== Exercise ==
Would you return the records below character for character, without any images?

== Records for this exercise ==
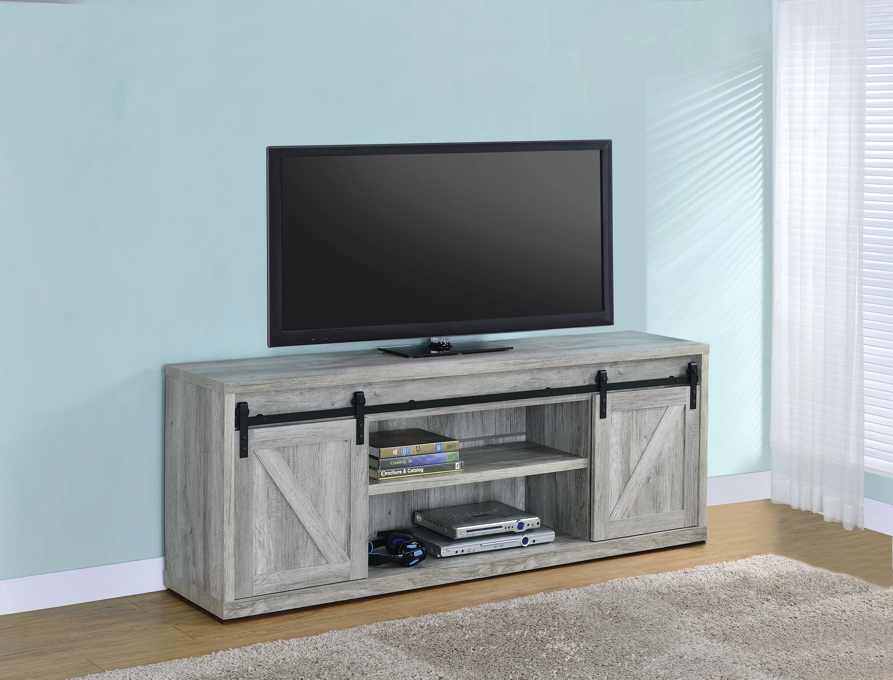 Whether you place it in a rural farmhouse, or downtown penthouse, this TV console is sure to be a hit. Clean lines give a nod to modern style. The distressed look definitively boasts of the rustic nature of this piece. Dream of life on the farm with two (2) sliding barn doors. Complement your space with your choice of colors and sizes.
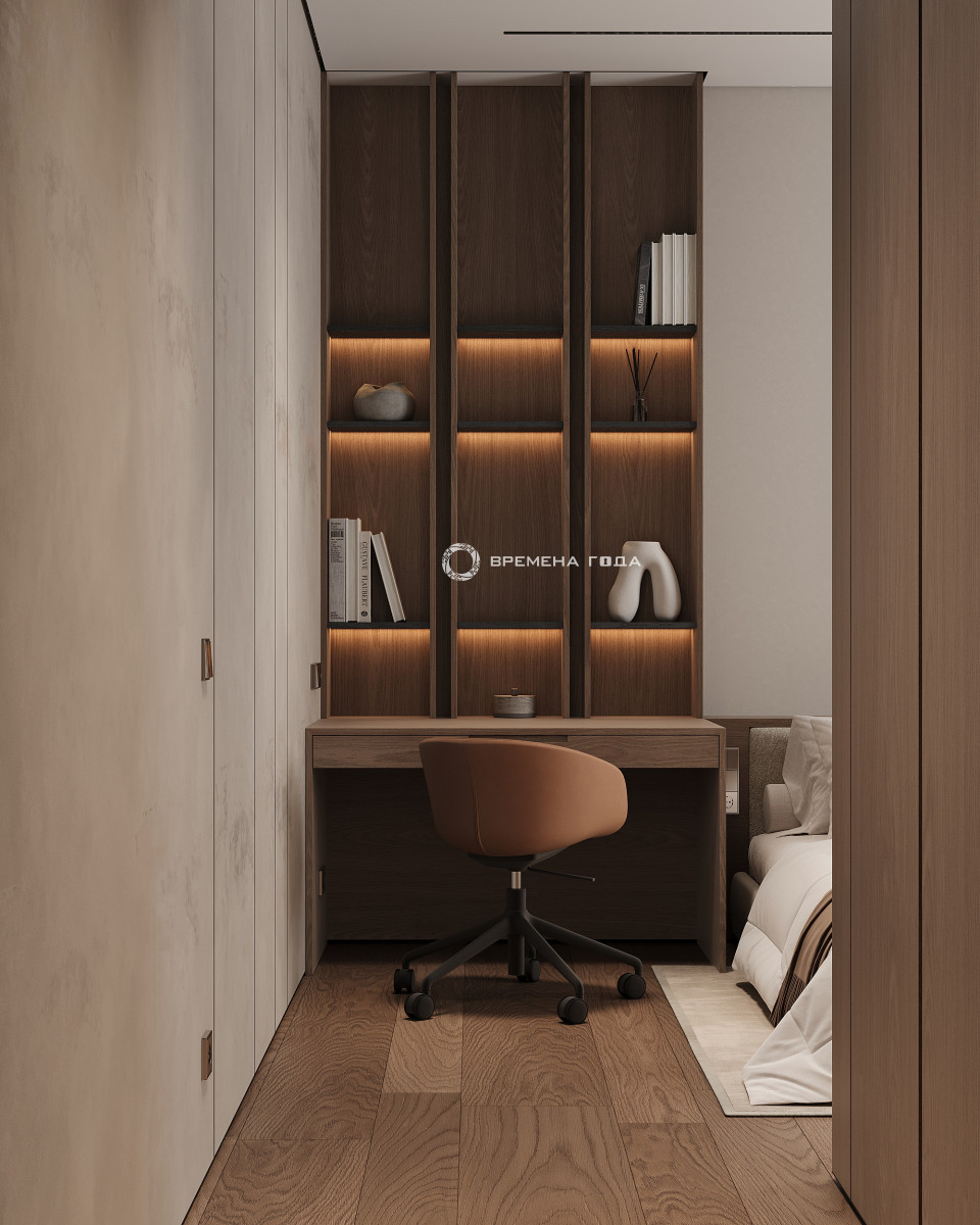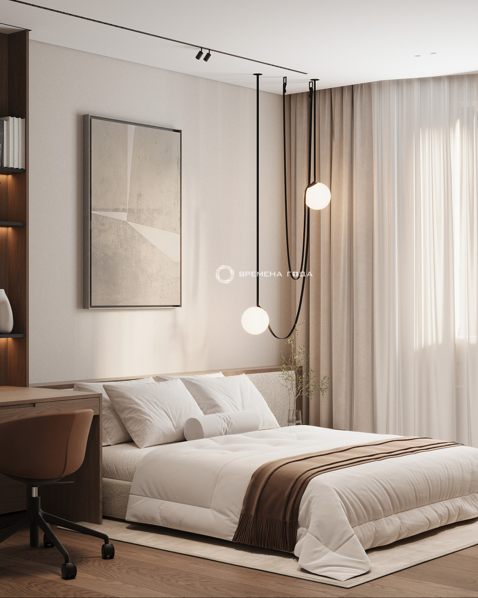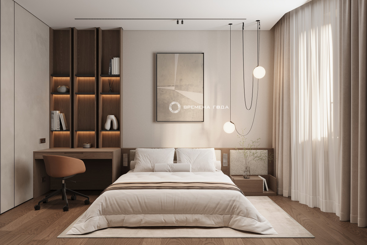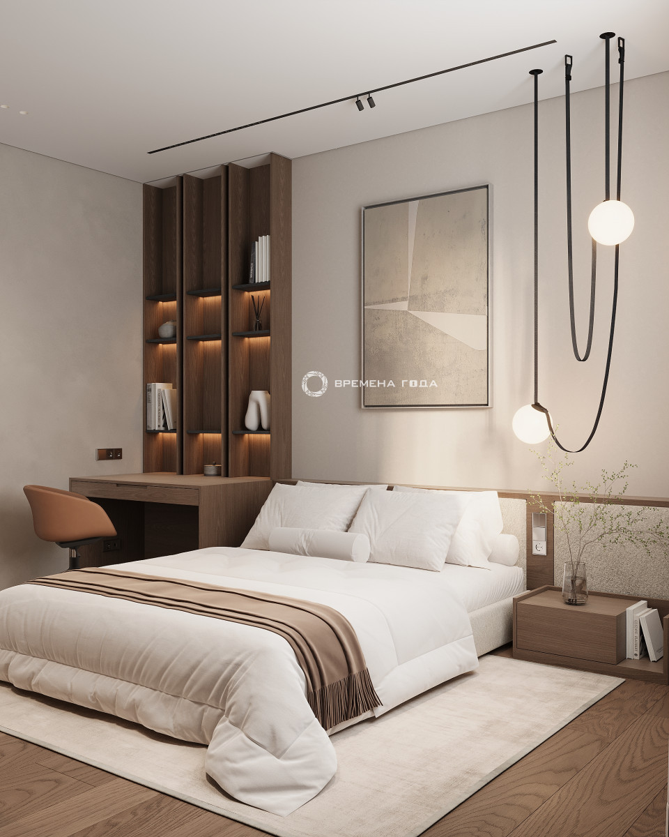- Мастер спальня со своим санузлом (душевая) и гардеробной комнатой;
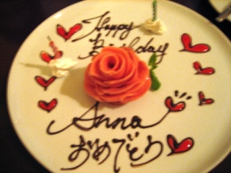 先月、ミュージカルがんばったパンマイスターちゃん、今日がお誕生日当日! ということで、大雨の中、張り切って集まりましたよ~。 お店はまたまた独断と偏見で「チェント・アーニ」(渋谷店)に決定! 左は名物のライスコロッケです。すごくでかいの!! 6人でちょうどいい大きさでした。 ほかにもたっぷり頼んで、たっぷり飲んで、いい気分で酔っ払ってお祝いし、 右のデザートまでしっかりと~♪ 私はカフェラテとティラミス。 おいしかったんだけど、残念だったのがスタッフの一人ね。メガネかけた男の人。 なんか、えらそうなんだもん。どう見てもまだ私たちより若造っぽいし、 パンマイスターちゃん&旦那様(フレンチのシェフ)が料理について質問すると、 “素人のクセにそんなことまで聞くなよ” 的なオーラを出しながら、すっごく感じ悪いの! こっちにはプロが2人もいるんだぞ~!(と、素人の私が遠吠え) つくづく、接客って大事よねって思います。もっといい人材入れたほうがいいよ~。(余計なお世話) ま、でも、おめでたい日なので♪ アセロラアイスクリーム(ジェラートかな?)で 作ったバースデープレートでお祝い! おめでとう~♪ これからも末永く仲良く、よろしくね☆☆ メンバーのみなさま、いつもありがとう!!
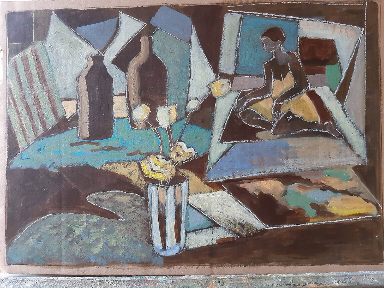 Josette Morane nous présente des natures " mortes", comme on dit, mais tellement dynamiques et, finalement, vivantes. Dans ses œuvres teintées de cubisme, les couleurs se répondent, les lignes s'entrecroisent sans jamais se heurter, les plans s'équilibrent et l'on se sent bien dans ses tableaux.
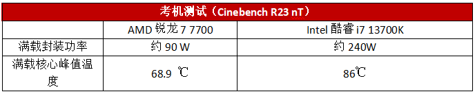 锐龙7 7700在温度和功率控制方面同样表现出色,满载核心温度也不超过70℃,满载功耗也就90W,能效方面优势明显。

== Expected output ==
 Whether you place it in a rural farmhouse, or downtown penthouse, this TV console is sure to be a hit. Clean lines give a nod to modern style. The distressed look definitively boasts of the rustic nature of this piece. Dream of life on the farm with two (2) sliding barn doors. Complement your space with your choice of colors and sizes.
- Мастер спальня со своим санузлом (душевая) и гардеробной комнатой;
 先月、ミュージカルがんばったパンマイスターちゃん、今日がお誕生日当日! ということで、大雨の中、張り切って集まりましたよ~。 お店はまたまた独断と偏見で「チェント・アーニ」(渋谷店)に決定! 左は名物のライスコロッケです。すごくでかいの!! 6人でちょうどいい大きさでした。 ほかにもたっぷり頼んで、たっぷり飲んで、いい気分で酔っ払ってお祝いし、 右のデザートまでしっかりと~♪ 私はカフェラテとティラミス。 おいしかったんだけど、残念だったのがスタッフの一人ね。メガネかけた男の人。 なんか、えらそうなんだもん。どう見てもまだ私たちより若造っぽいし、 パンマイスターちゃん&旦那様(フレンチのシェフ)が料理について質問すると、 “素人のクセにそんなことまで聞くなよ” 的なオーラを出しながら、すっごく感じ悪いの! こっちにはプロが2人もいるんだぞ~!(と、素人の私が遠吠え) つくづく、接客って大事よねって思います。もっといい人材入れたほうがいいよ~。(余計なお世話) ま、でも、おめでたい日なので♪ アセロラアイスクリーム(ジェラートかな?)で 作ったバースデープレートでお祝い! おめでとう~♪ これからも末永く仲良く、よろしくね☆☆ メンバーのみなさま、いつもありがとう!!
 Josette Morane nous présente des natures " mortes", comme on dit, mais tellement dynamiques et, finalement, vivantes. Dans ses œuvres teintées de cubisme, les couleurs se répondent, les lignes s'entrecroisent sans jamais se heurter, les plans s'équilibrent et l'on se sent bien dans ses tableaux.
 锐龙7 7700在温度和功率控制方面同样表现出色,满载核心温度也不超过70℃,满载功耗也就90W,能效方面优势明显。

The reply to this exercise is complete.